Among the entries below, which lines run from the line with "Smukke wide-leg bukser" through the line with "Mellan augusti och"? Retype those, both ends included, exactly and without pictures.

Material for the task:
BEGIN

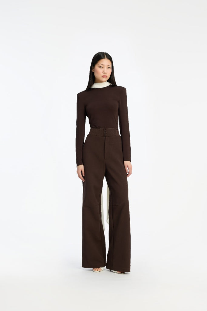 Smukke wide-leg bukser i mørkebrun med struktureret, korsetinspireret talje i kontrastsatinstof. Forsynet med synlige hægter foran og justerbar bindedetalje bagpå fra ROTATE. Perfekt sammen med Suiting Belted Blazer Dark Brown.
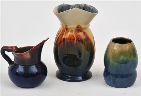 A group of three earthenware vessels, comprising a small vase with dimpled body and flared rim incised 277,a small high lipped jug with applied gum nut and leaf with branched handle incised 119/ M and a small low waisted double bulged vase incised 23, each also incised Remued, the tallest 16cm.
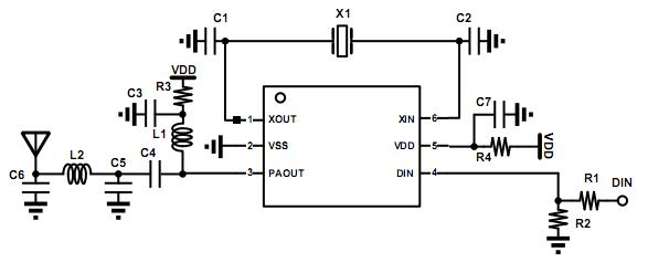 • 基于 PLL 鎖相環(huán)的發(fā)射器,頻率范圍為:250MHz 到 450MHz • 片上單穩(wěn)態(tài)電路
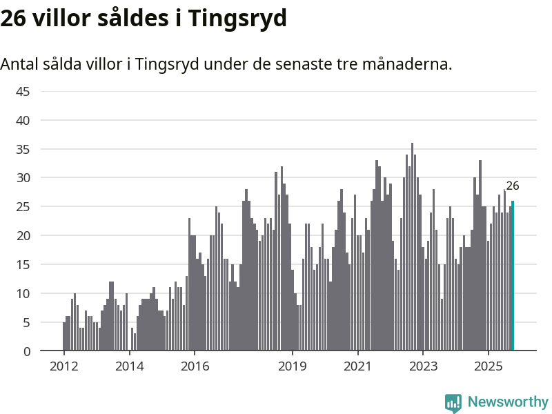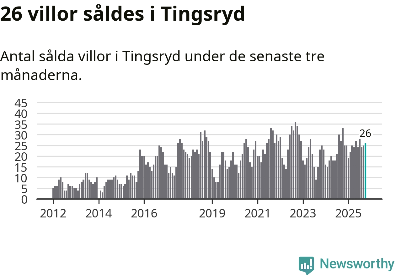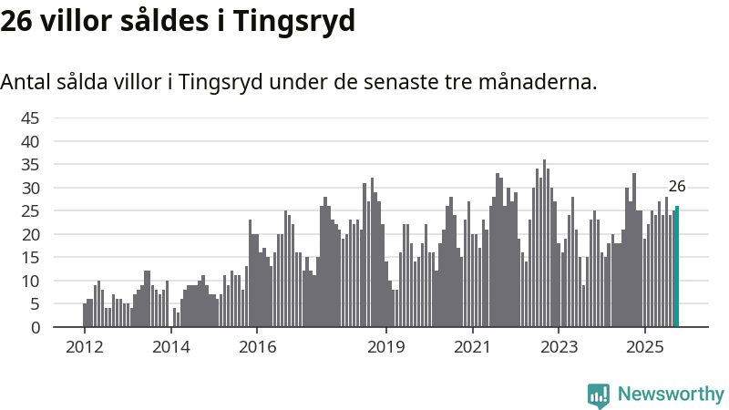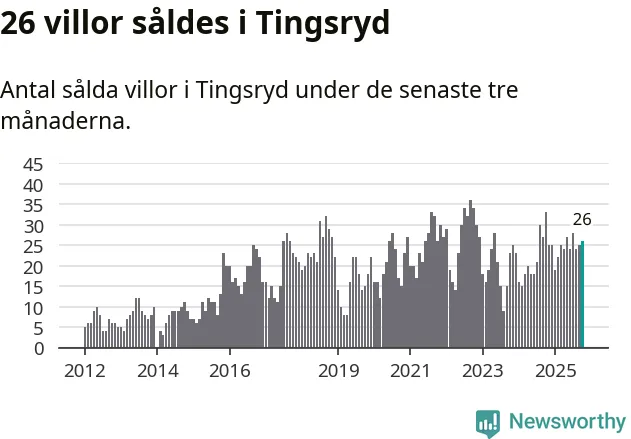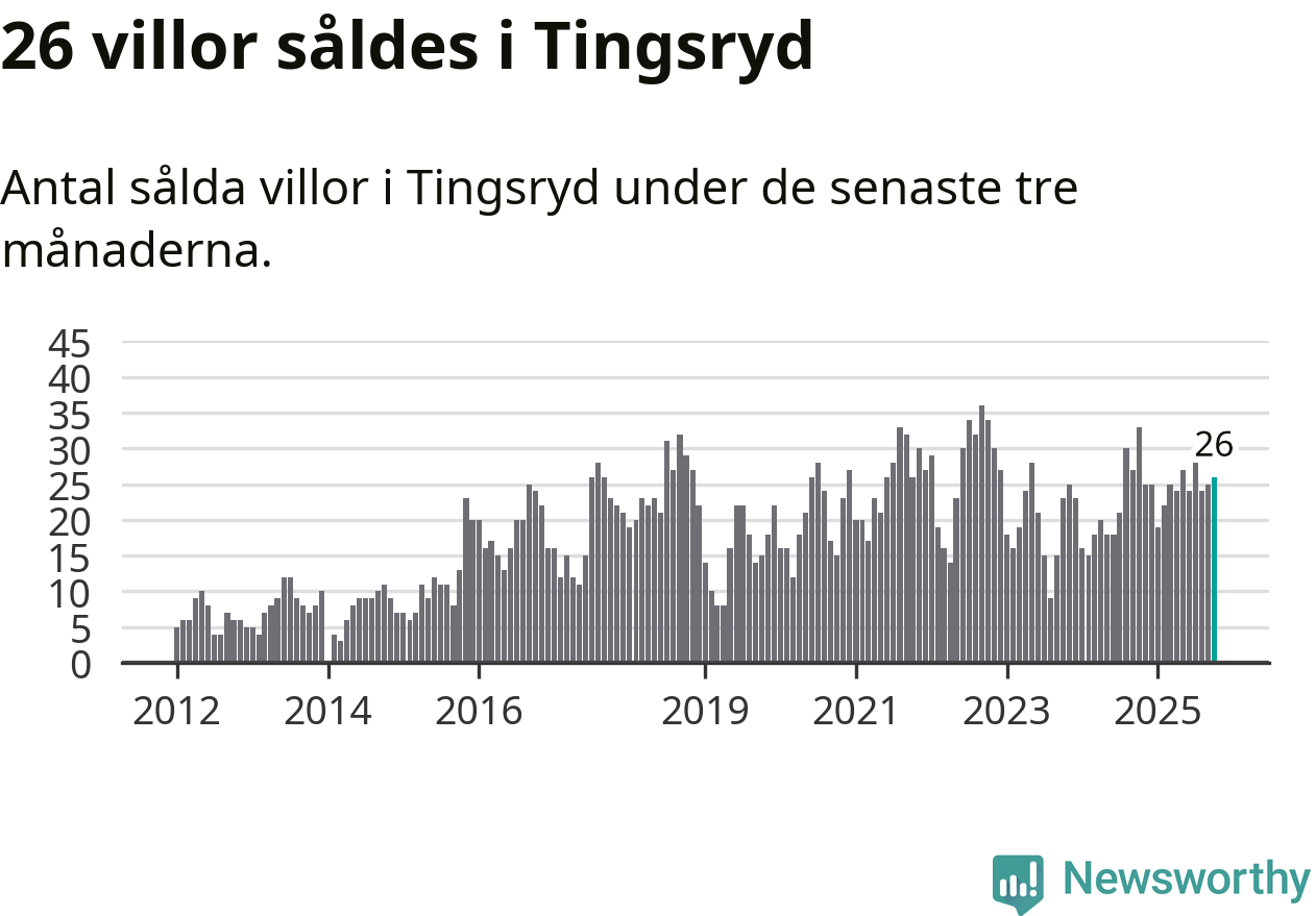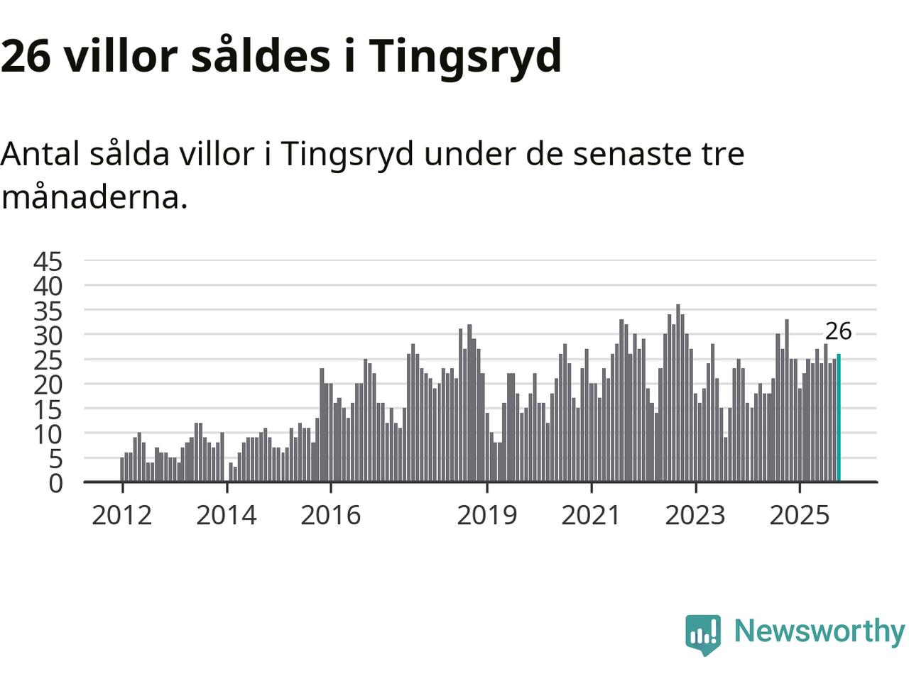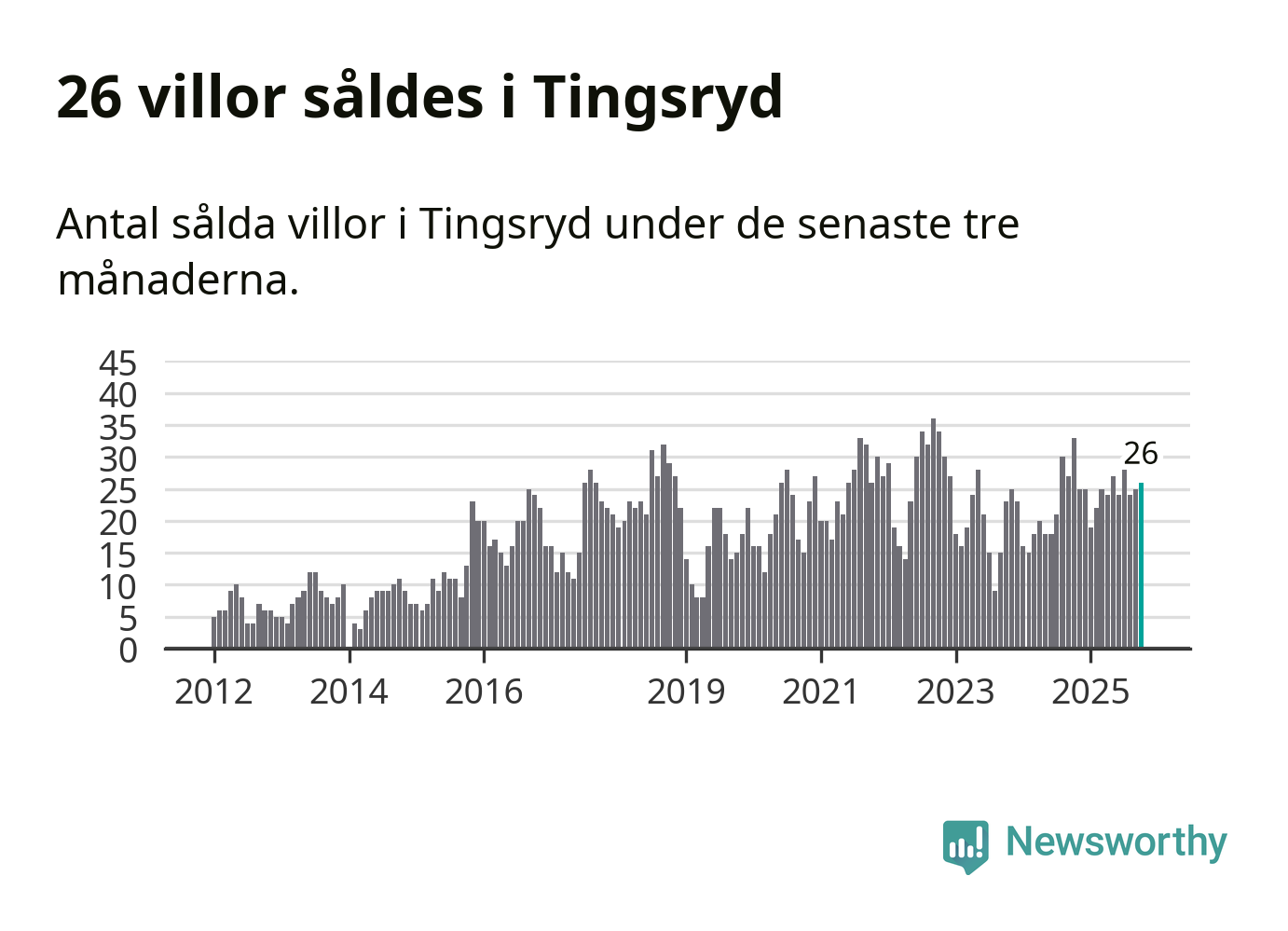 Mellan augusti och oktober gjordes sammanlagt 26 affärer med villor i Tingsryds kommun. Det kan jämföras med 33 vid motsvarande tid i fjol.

END
BEGIN

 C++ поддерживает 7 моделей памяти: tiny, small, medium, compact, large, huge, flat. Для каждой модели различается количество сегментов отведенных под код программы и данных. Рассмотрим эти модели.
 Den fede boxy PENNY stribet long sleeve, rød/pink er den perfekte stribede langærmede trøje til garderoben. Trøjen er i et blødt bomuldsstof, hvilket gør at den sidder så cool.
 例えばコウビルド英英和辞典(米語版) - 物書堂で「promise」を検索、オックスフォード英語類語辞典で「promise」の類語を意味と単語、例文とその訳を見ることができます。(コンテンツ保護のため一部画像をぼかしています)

END

Written response:
 Smukke wide-leg bukser i mørkebrun med struktureret, korsetinspireret talje i kontrastsatinstof. Forsynet med synlige hægter foran og justerbar bindedetalje bagpå fra ROTATE. Perfekt sammen med Suiting Belted Blazer Dark Brown.
 A group of three earthenware vessels, comprising a small vase with dimpled body and flared rim incised 277,a small high lipped jug with applied gum nut and leaf with branched handle incised 119/ M and a small low waisted double bulged vase incised 23, each also incised Remued, the tallest 16cm.
 • 基于 PLL 鎖相環(huán)的發(fā)射器,頻率范圍為:250MHz 到 450MHz • 片上單穩(wěn)態(tài)電路
 Mellan augusti och oktober gjordes sammanlagt 26 affärer med villor i Tingsryds kommun. Det kan jämföras med 33 vid motsvarande tid i fjol.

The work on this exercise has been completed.